American pornographic film actress and activist (born 1984/1985)

Siouxsie Q (born )is an American journalist, pornographic film actress, and sex workers' rights activist who identifies herself as a feminist and sex worker. She is a podcaster, singer/songwriter and playwright as well as a widely read columnist with SF Weekly.

== Career ==
In 2010, Siouxsie Q quit her retail job and began dancing full-time at the Lusty Lady, a unionized peep show in San Francisco. Shortly after, she began her career as a sex worker while living in Inner Richmond, commuting to an apartment in the East Bay to conduct business.
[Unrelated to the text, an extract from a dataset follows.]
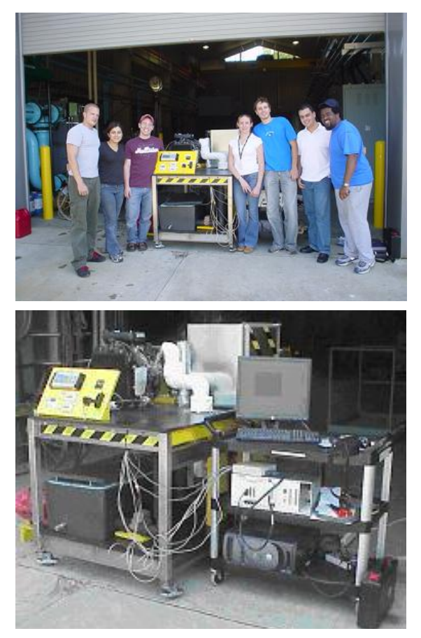
FIGURE 2. EXPERIMENTAL SETUP AND TEAM DURING PRESENTATION (BRAZIL-USA)

In the first year the Brazil-USA team developed a Trigeneration System for Distributed Power, Refrigeration and Hot Water Supply. This project was selected in collaboration between UFPR, the Center for Advanced Power Systems and the Sustainable Energy Science and Engineering Center at Florida State University. The aim of this project was to design and build a prototype of a trigeneration system that will serve as an experimental unit to investigate the potential of tri-generation systems for energy conservation and production. The tri-generation system uses the waste heat from an internal combustion engine to produce hot water and a cold space. Electricity is also produced through an electrical generator coupled to the IC engine shaft.

Initially using the Internet primarily as a marketing tool, Siouxsie Q has stated that podcasts have "really transformed how I do business". By 2012, she had settled into her career and, at the urging of her boyfriend, began a regular, biweekly podcast as a way to speak out against California's Proposition 35 and Los Angeles' Measure B. Originally called, "This American Whore", the podcast's name was eventually changed to "The WhoreCast" after a dispute with This American Life, the public radio program. After the passing of Proposition 35, the podcast was expanded to cover a broad range of topics such as transgender issues, sexuality, sex workers' rights, politics and pornography.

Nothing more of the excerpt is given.